NASA prepares to return to the Moon next year, this time with robotic explorers

A series of lunar missions next year will be developing the capacity for a return to the moon.

The United States wants to send robotic explorers to the moon as soon as next year as a preparatory step toward sending astronauts there for the first time since 1972, a NASA official said 18 June.

An astronaut on Moon. Image: NASA

An astronaut on Moon. Image: NASA

The National Aeronautics and Space Administration is planning a series of lunar missions beginning next year aimed at developing the capacity for a return to the moon, said Cheryl Warner, a spokeswoman for NASA’s Human Exploration Directorate.

NASA will work with private companies, which have not yet been chosen, on the missions, Warner said in a phone interview.

US president Donald Trump in December signed a directive that he said would enable astronauts to return to the moon and eventually lead a mission to Mars. Last month he ordered the government to review regulations on commercial space flights.

Americans first landed on the moon in 1969, reaching a goal set by former president John F. Kennedy in 1961 and capping a decade-long space race between Washington and Moscow.

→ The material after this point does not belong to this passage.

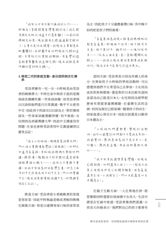 %u300c%u6211%u5152%u5b50%u5973%u5152%u4e5f%u90fd%u4e0d%u63a5%u6211%u7684%u5de5%u4f5c%u2026%u2026%uff0c%u90a3%u500b%u5e97%uff08%u66fe%u7d93%u7d93%u71df%u81fa%u7063%u9910%u9928%u7684%u5e97%uff09%u6211%u5df2%u7d93%u6709%u670b%u53cb%u53bb%u505a%u5317%u6d77%u9053%u624b%u6253%u854e%u9ea5%u9eb5%u4e86%uff0c%u4ee5%u524d%u7684%u62db%u724c%u88ab%u5305%u8d77%u4f86%uff0c%u73fe%u5728%u5eda%u623f%u5df2%u7d93%u901a%u901a%u90fd%u4ea4%u7d66%u4ed6%u4e86%uff0c%u4e3b%u8981%u4e5f%u662f%u4ed6%u5728%u7d93%u71df%u3002%u6211%u73fe%u5728%u4e3b%u8981%u90fd%u662f%u5728%u505a%u5718%u9ad4%u7684%uff0c%u5728%u90a3%u9738%u5e02%u5340%u4f60%u5011%u73fe%u5728%u5403%u98ef%u7684%u9019%u9593%uff0c%u5e73%u5e38%u65c5%u884c%u793e%u6703%u8ddf%u6211%u806f%u7d61%uff0c%u6709%u81fa%u7063%u7684%u904a%u5ba2%u5c31%u6703%u5e36%u5718%u4f86%u6211%u9019%u88e1%u5403%u98ef%uff0c%u73fe%u5728%u6211%u5c31%u662f%u7528%u6c96%u7e69%u7684%u98df%u6750%u505a%u706b%u934b%u3002%u300d%u53d7%u8a2a%u8005%u64c1%u6709%u4e00%u5152%u4e00%u5973%uff0c%u5c0f%u6642%u5019%u662f%u7531%u53d7%u8a2a%u8005%u7684%u5abd%u5abd%u5e36%u5927%uff0c%u5e73%u6642%u5728%u5bb6%u4e2d%u8207%u5b69%u5b50%u8aaa%u7684%u662f%u95a9%u5357%u8a9e%u53ca%u5076%u723e%u593e%u96dc%u4e00%u4e9b%u5ba2%u8a9e%u8a5e%u5f59%uff0c%u800c%u53d7%u8a2a%u8005%u5247%u4ee5%u65e5%u8a9e%u548c%u4ed6%u5011%u9032%u884c%u65e5%u5e38%u6e9d%u901a%uff0c%u5e7e%u4e4e%u4e0d%u592a%u4f7f%u7528%u4e2d%u6587%uff0c%u56e0%u6b64%u5b69%u5b50%u7684%u8a9e%u8a00%u4ee5%u65e5%u8a9e%u70ba%u4e3b%uff0c%u5c0d%u65bc%u95a9%u5357%u8a9e%u53ca%u4e00%u4e9b%u5ba2%u5bb6%u8a5e%u5f59%u50c5%u807d%u5f97%u61c2%uff0c%u4f46%u4e0d%u6703%u8aaa%u3002%u5973%u5152%u5247%u56e0%u70ba%u5230%u81fa%u7063%u8b80%u5927%u5b78%uff0c%u56e0%u6b64%u4e2d%u6587%u6e9d%u901a%u6c92%u6709%u554f%u984c%uff0c%u5728%u5bb6%u4e5f%u6703%u8207%u53d7%u8a2a%u8005%u7528%u4e2d%u6587%u6e9d%u901a%u7df4%u7fd2%u4ee5%u907f%u514d%u5fd8%u8a18%u3002%u300c%u5b69%u5b50%u5c0f%u7684%u6642%u5019%uff0c%u5abd%u5abd%u4f86%u5e6b%u6211%u5e36%u4ed6%u5011%uff0c%u6240%u4ee5%u5b69%u5b50%u6703%u807d%u61c2%u81fa%u7063%u8a71%uff08%u95a9%u5357%u8a9e%uff09%uff0c%u4ed6%u5011%u4e5f%u77e5%u9053%u6709%u5ba2%u5bb6%u8a9e%uff0c%u6709%u6642%u5019%u6211%u5abd%u5abd%u4e5f%u6703%u8ddf%u4ed6%u5011%u8b1b%uff0c%u807d%u5f97%u61c2%u4e00%u9ede%u9ede%u4f46%u5927%u90e8%u5206%u807d%u7684%u9084%u662f%u95a9%u5357%u8a9e%u8ddf%u83ef%u8a9e%u6bd4%u8f03%u591a%u2026%u2026%u3002%u6211%u5152%u5b50%u53ea%u6703%u807d%u4e0d%u6703%u8b1b%uff0c%u4f46%u6211%u5973%u5152%u56e0%u70ba%u5979%u56de%u81fa%u7063%u5ff5%u66f8%uff0c%u5979%u5ff5%u4e86%u5169%u5e74%u7684%u4e2d%u6587%u7136%u5f8c%u5728%u6210%u5927%u7684%u4e2d%u6587%u7cfb%uff0c%u6240%u4ee5%u5979%u6703%u8b1b%u4e2d%u6587%uff0c%u73fe%u5728%u56de%u4f86%u90fd%u6703%u8ddf%u6211%u8b1b%u4e2d%u6587%uff0c%u5979%u60f3%u7df4%u7fd2%u6015%u81ea%u5df1%u5fd8%u8a18%u3002%u300d%u98f2%u98df%u65b9%u9762%uff0c%u53d7%u8a2a%u8005%u5f9e%u5c0f%u770b%u5abd%u5abd%u716e%u7684%u83dc%u5c31%u662f%u5ba2%u5bb6%u83dc%uff0c%u56e0%u6b64%u5e73%u6642%u7121%u8ad6%u662f%u5979%u6216%u8005%u5979%u7684%u5abd%u5abd%u5728%u505a%u98ef%u65b9%u9762%uff0c%u7686%u662f%u4ee5%u81fa%u7063%u5ba2%u5bb6%u53e3%u5473%u7684%u5bb6%u5e38%u83dc%u70ba%u4e3b%uff0c%u56e0%u6b64%u5b69%u5b50%u5341%u5206%u9069%u61c9%u81fa%u7063%u53e3%u5473%uff0c%u5176%u4e2d%u6885%u5e72%u6263%u8089%u66f4%u662f%u5b69%u5b50%u5011%u7684%u6700%u611b%u3002%u300c%u5ba2%u5bb6%u83dc%u56e0%u70ba%u6211%u5f9e%u5c0f%u5c31%u770b%u6211%u5abd%u5abd%u505a%u7684%u90fd%u662f%u5ba2%u5bb6%u83dc%u3002%u90a3%u500b%u6885%u5e72%u7122%u8089%uff0c%u6885%u5e72%u8ddf%u8089%u672b%u53bb%u84b8%uff0c%u6885%u5e72%u83dc%u5207%u7247%u3001%u8c6c%u8089%u5207%u4e00%u5c0f%u584a%u5207%u6210%u8089%u672b%u2026%u2026%uff0c%u653e%u5728%u4e0a%u9762%u53bb%u84b8%uff0c%u84b8%u4e00%u84b8%u5c31%u652a%u958b%u653e%u5728%u98ef%u4e0a%u2026%u2026%u3002%u6211%u5b69%u5b50%u73fe%u5728%u90fd%u56de%u4f86%u90fd%u8981%u6211%u716e%u7d66%u4ed6%u5403%uff0c%u73fe%u5728%u65e5%u672c%u4e0d%u5bb9%u6613%u5403%u5230%u9019%u4e9b%u6771%u897f%u300d%u8a8d%u540c%u65b9%u9762%uff0c%u53d7%u8a2a%u8005%u8868%u793a%u56e0%u70ba%u5916%u570b%u4eba%u7684%u8eab%u5206%uff0c%u5728%u53c3%u52a0%u5b69%u5b50%u5c0f%u6642%u5019%u7684%u5b78%u6821%u6d3b%u52d5%u6642%uff0c%u53ef%u4ee5%u611f%u89ba%u5230%u4ed6%u5011%u4e0d%u592a%u5e0c%u671b%u81ea%u5df1%u53bb%u53c3%u52a0%u3002%u5b50%u5973%u56e0%u70ba%u6210%u9577%u80cc%u666f%u8207%u74b0%u5883%uff0c%u9084%u662f%u5c0d%u65bc%u65e5%u672c%u6bd4%u8f03%u6709%u8a8d%u540c%u4e26%u8a8d%u70ba%u81ea%u5df1%u5c31%u662f%u65e5%u672c%u4eba%uff0c%u5973%u5152%u5247%u56e0%u70ba%u7559%u5b78%u7d93%u6b77%u66fe%u6709%u60f3%u8981%u62ff%u81fa%u7063%u570b%u7c4d%u3001%u5728%u81fa%u7063%u751f%u6d3b%u7684%u5ff5%u982d%uff0c%u4f46%u56e0%u70ba%u73fe%u5728%u5df2%u7d93%u7d50%u5a5a%uff0c%u96a8%u8457%u5b69%u5b50%u7684%u51fa%u751f%uff0c%u56e0%u5bb6%u5ead%u91cd%u5fc3%u7686%u5728%u65e5%u672c%uff0c%u56e0%u6b64%u76ee%u524d%u9084%u662f%u4ee5%u7dad%u6301%u65e5%u672c%u7c4d%u70ba%u4e3b%u3002%u300c%u5c0f%u6642%u5019%u4ed6%u5011%u904b%u52d5%u6703%u3001%u5b78%u6821%u7684%u6d3b%u52d5%u554a%uff0c%u6211%u53ef%u4ee5%u611f%u89ba%u5230%u4ed6%u5011%u90fd%u4e0d%u5927%u611b%u6211%u53bb%u53c3%u52a0%uff0c%u6211%u611f%u89ba%u5566%uff0c%u61c9%u8a72%u662f%u56e0%u70ba%u6211%u4e0d%u662f%u65e5%u672c%u4eba%uff0c%u662f%u5916%u570b%u4eba%uff0c%u61c9%u8a72%u662f%u9019%u6a23%uff0c%u800c%u4e14%u6211%u505a%u9910%u98f2%u4e5f%u5f88%u5fd9%u2026%u2026%u3002%u300d%u300c%u6211%u5973%u5152%u6709%u8aaa%u904e%u60f3%u62ff%u81fa%u7063%u7c4d%uff0c%u4f46%u73fe%u5728%u5df2%u7d93%u7d50%u5a5a%uff0c%u4ed6%u5011%u9084%u6709%u5c0f%u5b69%u4e86%u2026%u2026%u3002%u5f9e%u6210%u5927%u56de%u4f86%u4e4b%u5f8c%u73fe%u5728%u548c%u8001%u516c%u5728%u7a2e%u6709%u6a5f%u83dc%uff0c%u56e0%u70ba%u5bb6%u5ead%u9084%u6709%u751f%u6d3b%uff0c%u5c0f%u5b69%u90fd%u751f%u4e86%uff0c%u6240%u4ee5%u76ee%u524d%u9084%u662f%u4ee5%u65e5%u672c%u7c4d%u70ba%u4e3b%u3002%u300d%u5728%u89aa%u5b50%u4e92%u52d5%u65b9%u9762%uff0c%u4e00%u4eba%u5728%u7570%u5730%u6253%u62fc%uff0c%u7d93%u71df%u9910%u9928%u540c%u6642%u9084%u9700%u62c9%u62d4%u5169%u500b%u5b50%u5973%u9577%u5927%uff0c%u751f

Since then, US efforts to explore beyond the Earth’s orbit have largely focused on remote spacecraft that do not have human crew members, though American presidents have repeatedly raised the idea of sending human explorers back to the moon or further.

President George W. Bush in 2004 said humans would return to the moon by 2020. His successor, president Barack Obama, said in 2016 the United States would send humans to Mars by the 2030s.